---------- EXTRACTED RECORDS
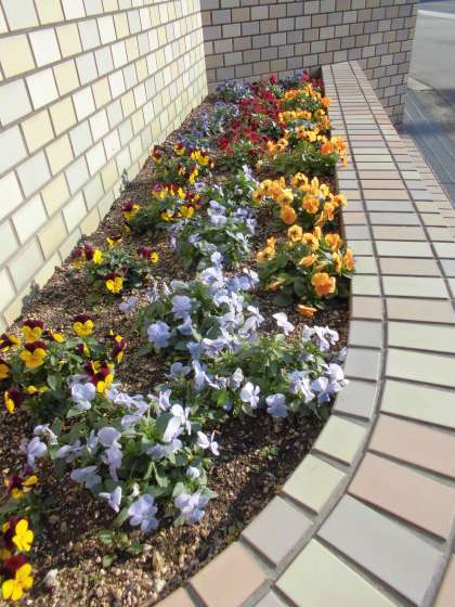 たびたび、お伝えしています「正門前の植え込みの花」の様子です。
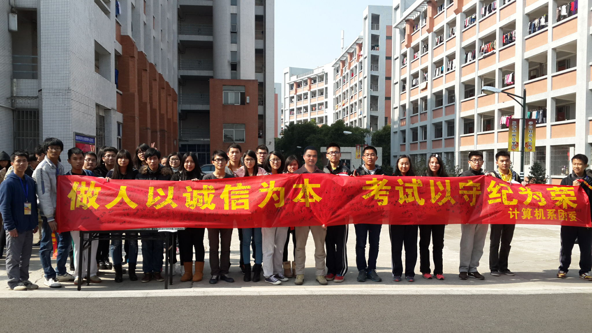 为了宣传和发扬“做人以诚信为本,考试以守纪为荣”的良好品德,培养学生诚信考试,计算机系团委于12月24日中午,在舞蹈室对面举行了诚信考试签名活动,参加此次活动的有计算机系党总支书记钟远辉、计算机系团委书记黄玉婷、计算机系团委副书记王澜等。
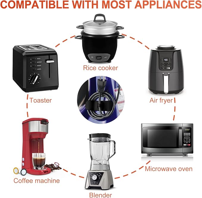 - PREMIUM MATERIAL: Each appliance cord organizer stick on is made of high quality rubber, durable and deformation resistant. The sticky adhesive pad is non-toxic, odorless, and will not leave marks on kitchen appliance surface
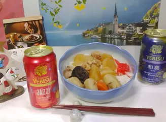 JAZZYと 得意の丼物!(#21) JAZZY と得意の丼物!(#21)今日の丼は鶏モモ肉と大根に里芋を加えた煮物です。JAZZY との相性は如何に?(丼なら俺だと思うけどなぁ~・・と言う顔で和奏が見てる?)
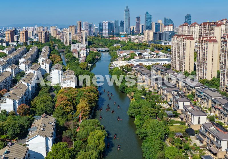 浙江绍兴:76艘乌篷船竞渡浙东运河迎国庆 查看组图
--------------------
PROBLEM REQUIREMENTS: Write out every entry exactly. Pictures do not belong in the copy.

SOLUTION TO THE PROBLEM:
 たびたび、お伝えしています「正門前の植え込みの花」の様子です。
 为了宣传和发扬“做人以诚信为本,考试以守纪为荣”的良好品德,培养学生诚信考试,计算机系团委于12月24日中午,在舞蹈室对面举行了诚信考试签名活动,参加此次活动的有计算机系党总支书记钟远辉、计算机系团委书记黄玉婷、计算机系团委副书记王澜等。
 - PREMIUM MATERIAL: Each appliance cord organizer stick on is made of high quality rubber, durable and deformation resistant. The sticky adhesive pad is non-toxic, odorless, and will not leave marks on kitchen appliance surface
 JAZZYと 得意の丼物!(#21) JAZZY と得意の丼物!(#21)今日の丼は鶏モモ肉と大根に里芋を加えた煮物です。JAZZY との相性は如何に?(丼なら俺だと思うけどなぁ~・・と言う顔で和奏が見てる?)
 浙江绍兴:76艘乌篷船竞渡浙东运河迎国庆 查看组图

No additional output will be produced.